[Data excerpts]
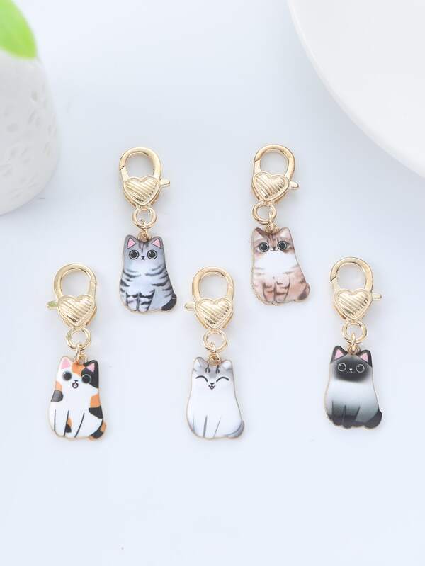 5pcs Metallic Cartoon Cat Design Earphone Case Pendant, Key Chain, Gift For Students' Schoolbags
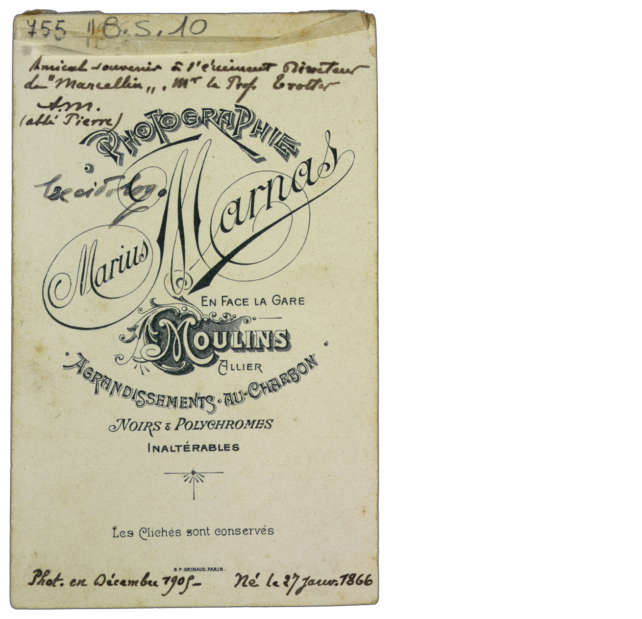 Note manoscritte sul verso: Amical souvenir à l’èminent Directeur de "Marcellin" Mr. le Prof. Trotter AM. (abbè Pierre); Phot. en Décembre 1905 - Né le 27 janv. 1866.
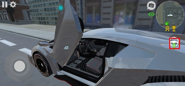 2、我们操控左下角的摇杆靠近车辆,车门处会浮现一个蓝色的把手按钮,点击该按钮即可开启车门;
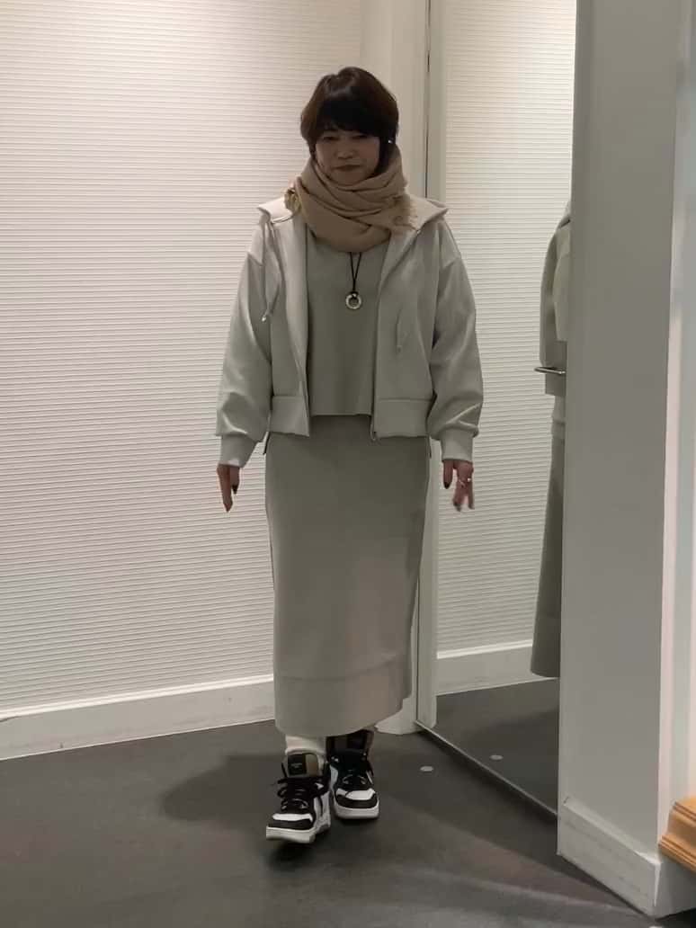 ライトグレーのパーカーにライトベージュのニットセットアップを合わせ、ベージュのストールをプラスしたコーディネートです。パーカーはハリのあるダンボール素材でカジュアルに見えつつ、セットアップのニットで女性らしさを演出。後ろスリット入りのスカートで動きやすく、スニーカーでまとめてラフに仕上げた軽やかなデイリースタイルです。
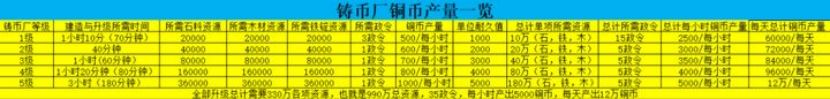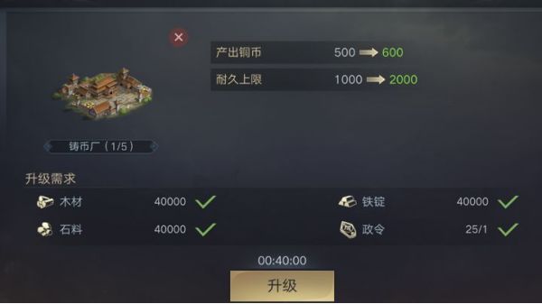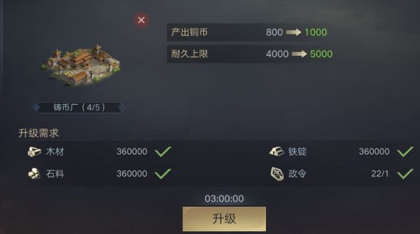 升级4级铸币厂,铜币产出变为800/每小时,耐久值变为4000。资源需求再次翻倍变为16万石料,木材,铁锭,以及一个政令。升级5个2级铸币厂则是需要80万石料,木材,铁锭,以及5个政令。升级时间为1个小时20分钟,与初始时间相似。
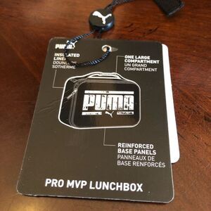 Store lunch and treats in style with this kids' Puma Pro MVP Lunch Bag. Polyester shell with a zip-around closure and top webbed handle with release clip. Insulated cooler lining and printed logo on front. It has a spacious compartment for lunch containers, snacks and utensils. Perfect size at 9" x 9.25" x 3.25". This is NWT and in original packaging.
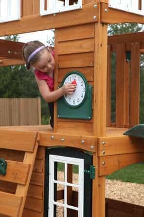 You will love the compact configuration of this all-in-one Cranbrook Wooden Swing Set Combo. Up to eleven imaginative kids can explore all that the Cranbrook Wooden Swing Set has to offer at a single time. And what child could resist the thrill of the high-rail wave slide or the challenge of climbing the multi-colored rock wall ladder to the upper-level clubhouse? A swing across the monkey bars offers additional access to the upper level, where a gabled shiplap roof provides a shady spot for the retreat. Downstairs, kids can take a ride on the two belt swings or share a jaunt on the premium glider. And snack time just steps away, served up from the lower clubhouse’s large café window, opening onto the built-in table and bench. Crafted from premium cedar lumber with design details like premium pane windows with arched pediments and decorative gable trusses, Cranbrook makes an attractive backyard addition adults will love, too. For big-crowd entertainment with a smaller footprint, count on Cranbrook.
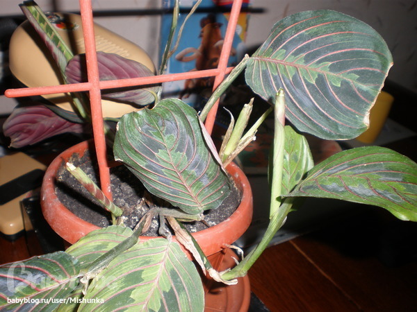 Девочки,помогите!!!Пересохла маранта,но потом вроде как отошла,листики новые пустила.Верхние так и стоят вялые и закрученые.Может их обрезать,а цветок пересадить?
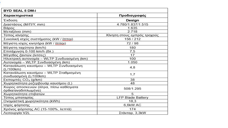 Το SEAL 5 DM-i διαθέτει περισσότερη από αρκετή ισχύ για την καθημερινή οδήγηση, επιταχύνοντας από 0-100χλμ./ώρα σε μόλις 7,5 δευτερόλεπτα. Ωστόσο, η εξελιγμένη τεχνολογία Super DM συνδυάζει αυτήν την απόδοση με εξαιρετικά χαμηλή μεικτή κατανάλωση καυσίμου (WLTP σταθμισμένη συνδυασμένη) μόλις 1,7λτ.100χλμ. μειώνοντας σημαντικά το καθημερινό κόστος χρήσης. Αν η μπαταρία είναι πλήρως φορτισμένη και το ρεζερβουάρ γεμάτο, αυτό το υπερσύγχρονο sedan προσφέρει συνδυασμένη αυτονομία άνω των 1.000χλμ. ιδανική για ταξίδια μεγάλων αποστάσεων.
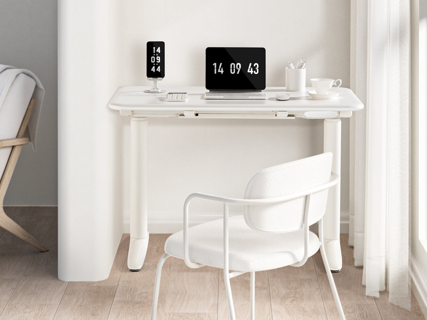 The Atom Home Office Mini features a snow-white matte powder-coated surface—soft to the touch and glare-resistant. It includes a sleek touchscreen controller for intuitive operation. At just 1.1 m in width, it’s ideal for compact spaces, perfect for students, home workers, and creators. Pair it with a monitor arm, riser, and clamp power strip to maintain a clean, ergonomic setup.
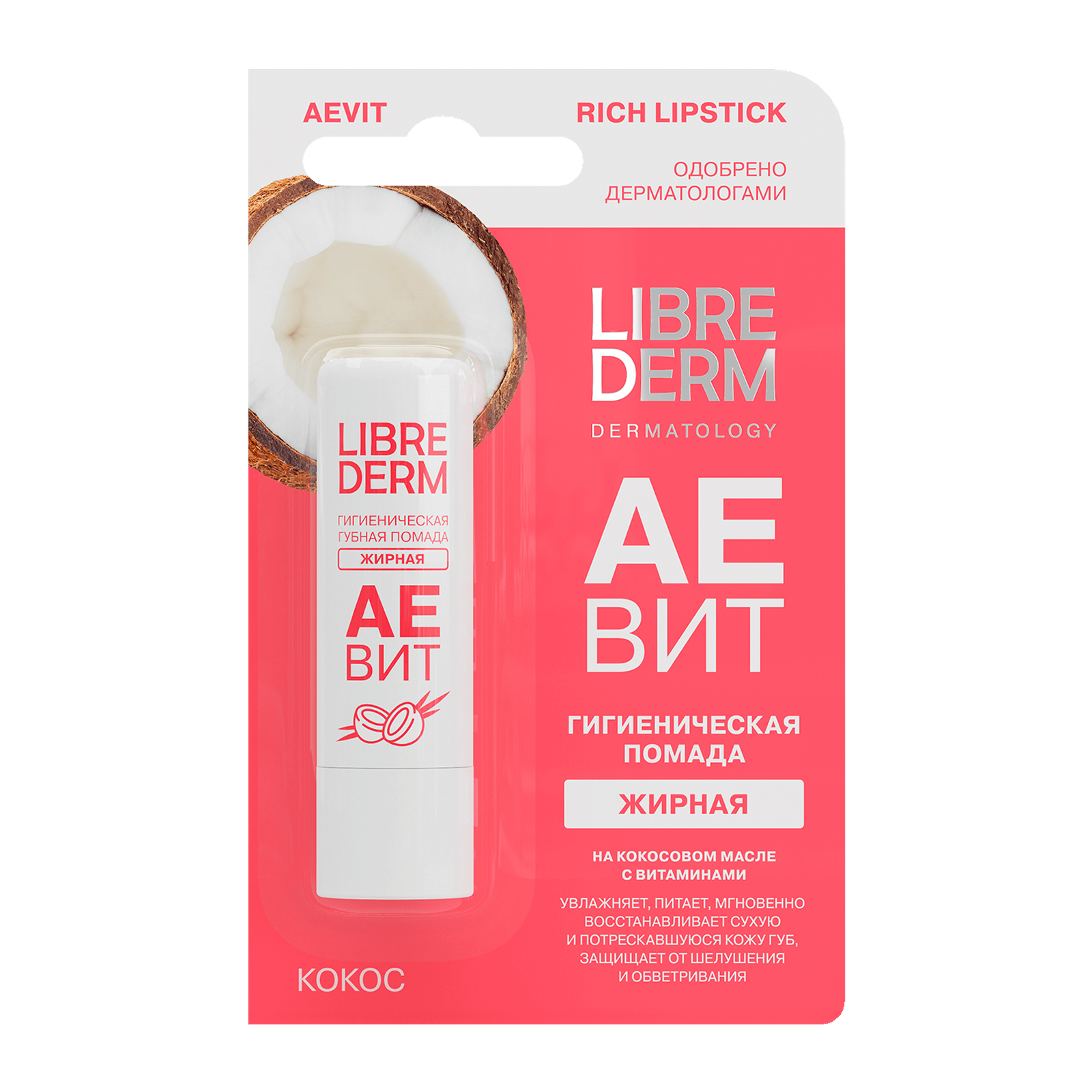 Аевит гигиеническая губная помада жирная Кокос 4 г, LIBREDERM
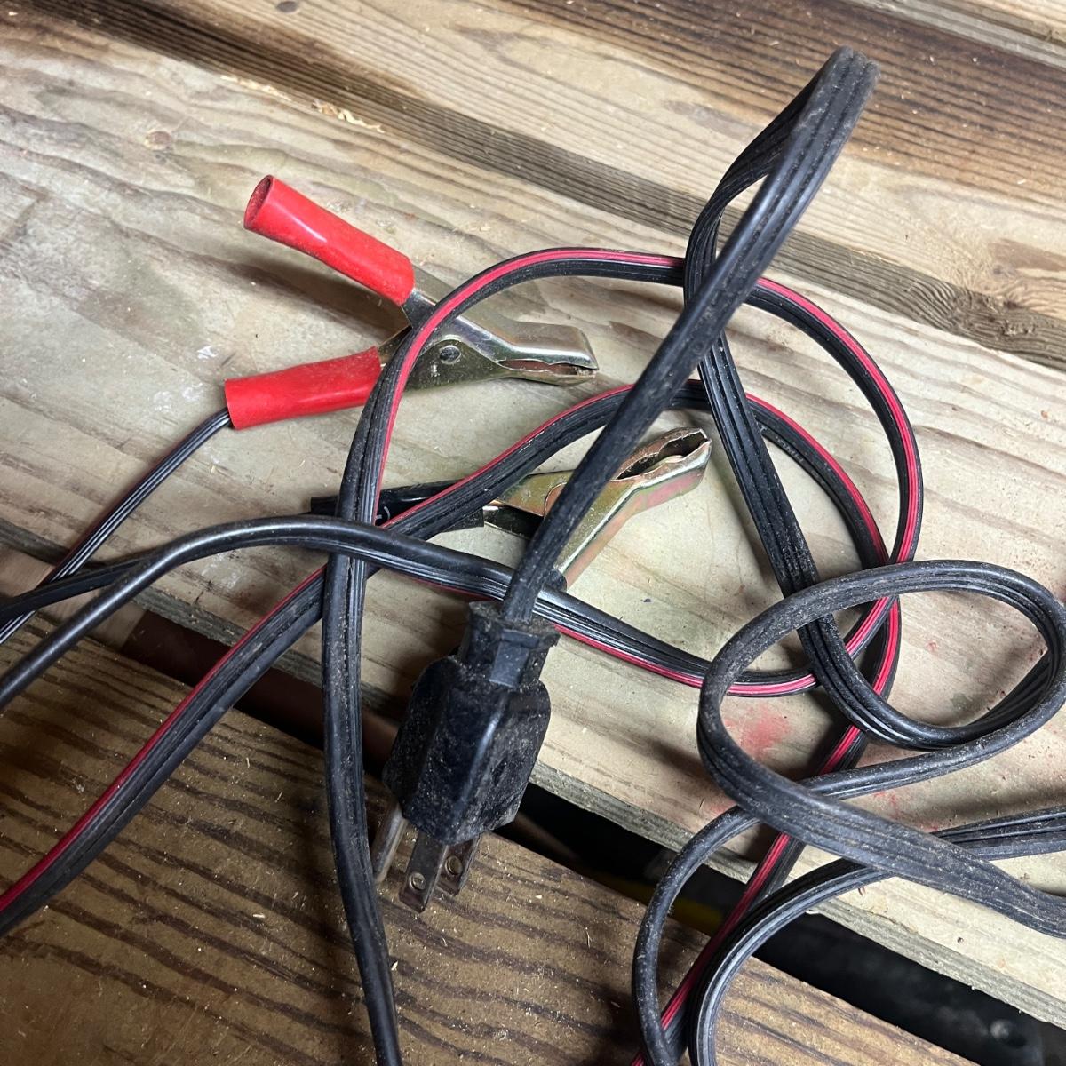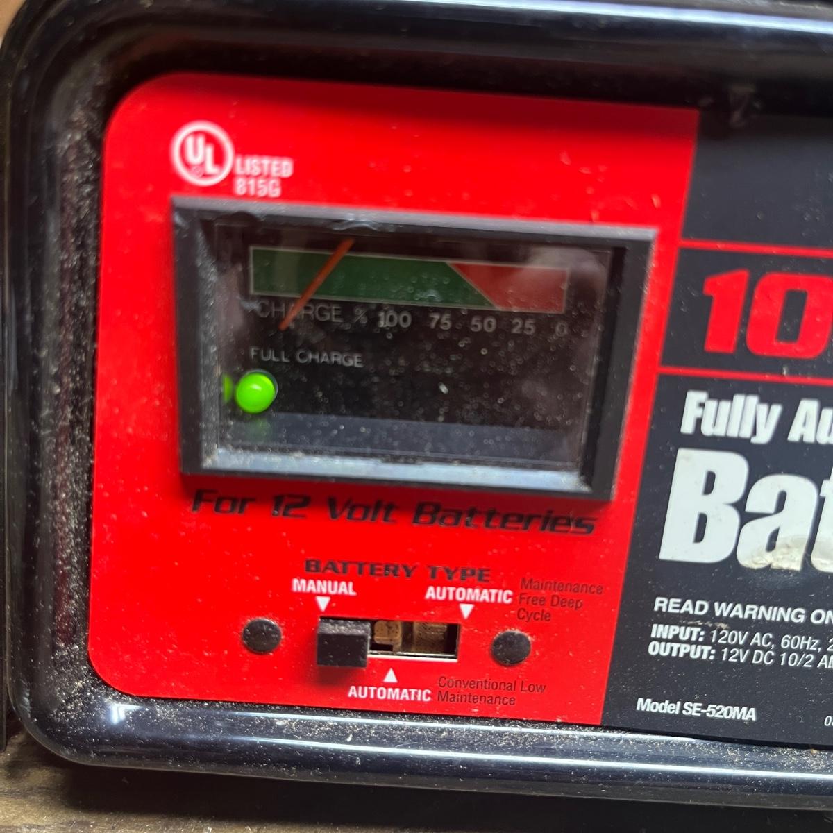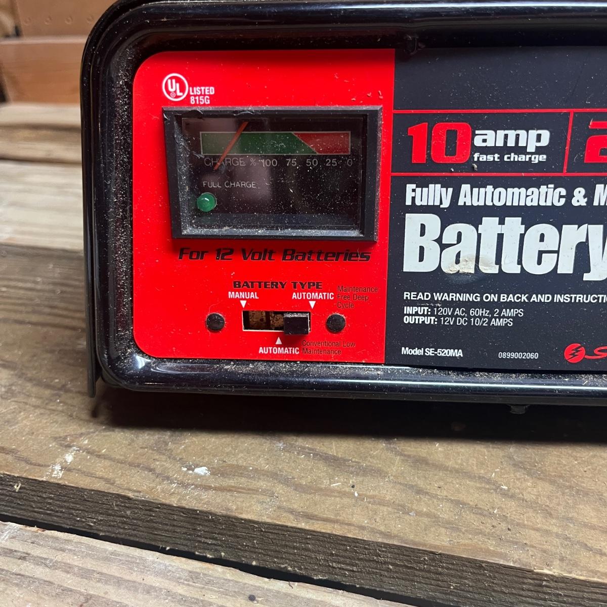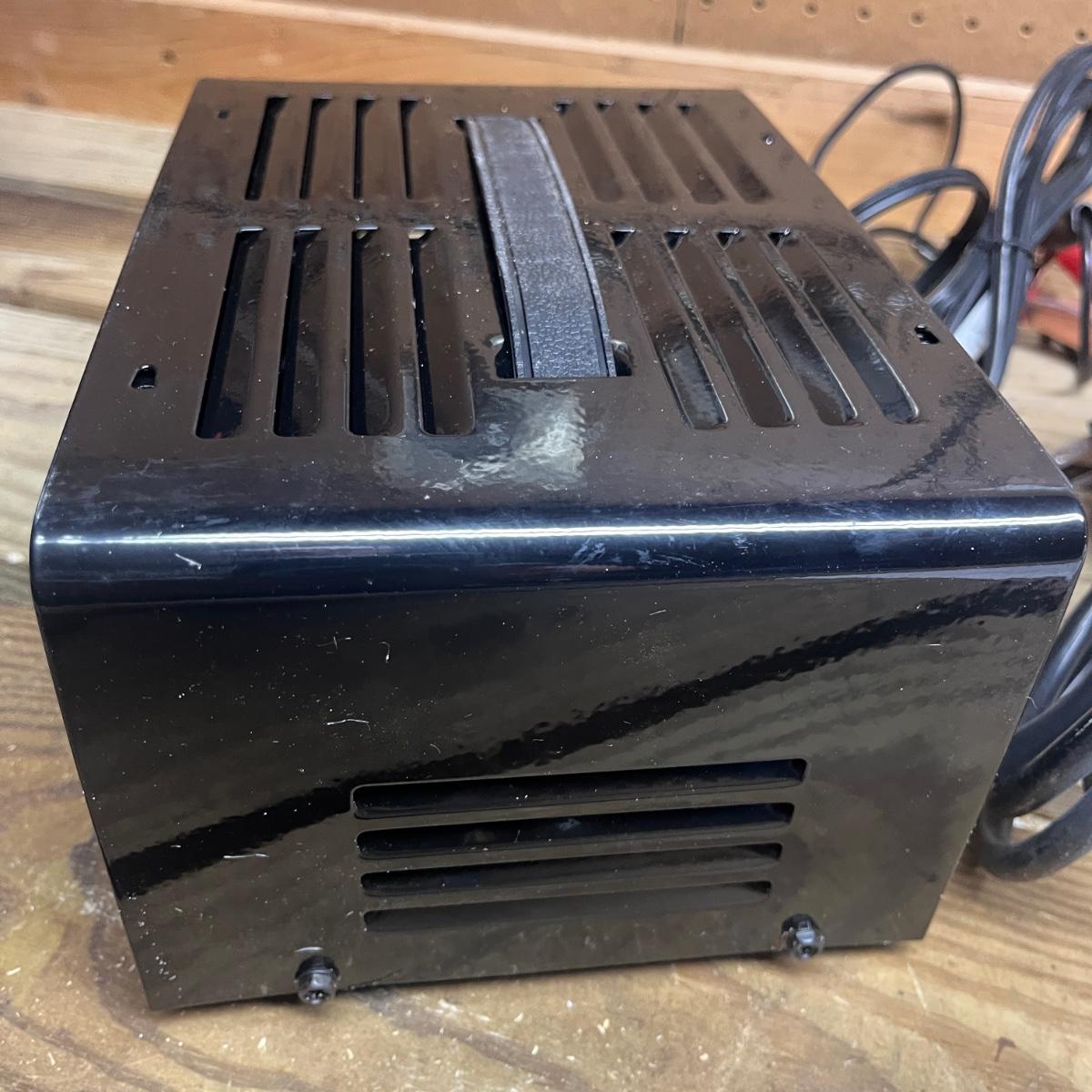 Lot includes a Schumacher and Chicago Electric battery chargers. Both chargers powered on when plugged in. Largest charger measures 10” x 8” x 5.5”H.

*Task to carry out*: Exactly retype each record above, dropping images.

*Result of this task*:
 5pcs Metallic Cartoon Cat Design Earphone Case Pendant, Key Chain, Gift For Students' Schoolbags
 Note manoscritte sul verso: Amical souvenir à l’èminent Directeur de "Marcellin" Mr. le Prof. Trotter AM. (abbè Pierre); Phot. en Décembre 1905 - Né le 27 janv. 1866.
 2、我们操控左下角的摇杆靠近车辆,车门处会浮现一个蓝色的把手按钮,点击该按钮即可开启车门;
 ライトグレーのパーカーにライトベージュのニットセットアップを合わせ、ベージュのストールをプラスしたコーディネートです。パーカーはハリのあるダンボール素材でカジュアルに見えつつ、セットアップのニットで女性らしさを演出。後ろスリット入りのスカートで動きやすく、スニーカーでまとめてラフに仕上げた軽やかなデイリースタイルです。
 升级4级铸币厂,铜币产出变为800/每小时,耐久值变为4000。资源需求再次翻倍变为16万石料,木材,铁锭,以及一个政令。升级5个2级铸币厂则是需要80万石料,木材,铁锭,以及5个政令。升级时间为1个小时20分钟,与初始时间相似。
 Store lunch and treats in style with this kids' Puma Pro MVP Lunch Bag. Polyester shell with a zip-around closure and top webbed handle with release clip. Insulated cooler lining and printed logo on front. It has a spacious compartment for lunch containers, snacks and utensils. Perfect size at 9" x 9.25" x 3.25". This is NWT and in original packaging.
 You will love the compact configuration of this all-in-one Cranbrook Wooden Swing Set Combo. Up to eleven imaginative kids can explore all that the Cranbrook Wooden Swing Set has to offer at a single time. And what child could resist the thrill of the high-rail wave slide or the challenge of climbing the multi-colored rock wall ladder to the upper-level clubhouse? A swing across the monkey bars offers additional access to the upper level, where a gabled shiplap roof provides a shady spot for the retreat. Downstairs, kids can take a ride on the two belt swings or share a jaunt on the premium glider. And snack time just steps away, served up from the lower clubhouse’s large café window, opening onto the built-in table and bench. Crafted from premium cedar lumber with design details like premium pane windows with arched pediments and decorative gable trusses, Cranbrook makes an attractive backyard addition adults will love, too. For big-crowd entertainment with a smaller footprint, count on Cranbrook.
 Девочки,помогите!!!Пересохла маранта,но потом вроде как отошла,листики новые пустила.Верхние так и стоят вялые и закрученые.Может их обрезать,а цветок пересадить?
 Το SEAL 5 DM-i διαθέτει περισσότερη από αρκετή ισχύ για την καθημερινή οδήγηση, επιταχύνοντας από 0-100χλμ./ώρα σε μόλις 7,5 δευτερόλεπτα. Ωστόσο, η εξελιγμένη τεχνολογία Super DM συνδυάζει αυτήν την απόδοση με εξαιρετικά χαμηλή μεικτή κατανάλωση καυσίμου (WLTP σταθμισμένη συνδυασμένη) μόλις 1,7λτ.100χλμ. μειώνοντας σημαντικά το καθημερινό κόστος χρήσης. Αν η μπαταρία είναι πλήρως φορτισμένη και το ρεζερβουάρ γεμάτο, αυτό το υπερσύγχρονο sedan προσφέρει συνδυασμένη αυτονομία άνω των 1.000χλμ. ιδανική για ταξίδια μεγάλων αποστάσεων.
 The Atom Home Office Mini features a snow-white matte powder-coated surface—soft to the touch and glare-resistant. It includes a sleek touchscreen controller for intuitive operation. At just 1.1 m in width, it’s ideal for compact spaces, perfect for students, home workers, and creators. Pair it with a monitor arm, riser, and clamp power strip to maintain a clean, ergonomic setup.
 Аевит гигиеническая губная помада жирная Кокос 4 г, LIBREDERM
 Lot includes a Schumacher and Chicago Electric battery chargers. Both chargers powered on when plugged in. Largest charger measures 10” x 8” x 5.5”H.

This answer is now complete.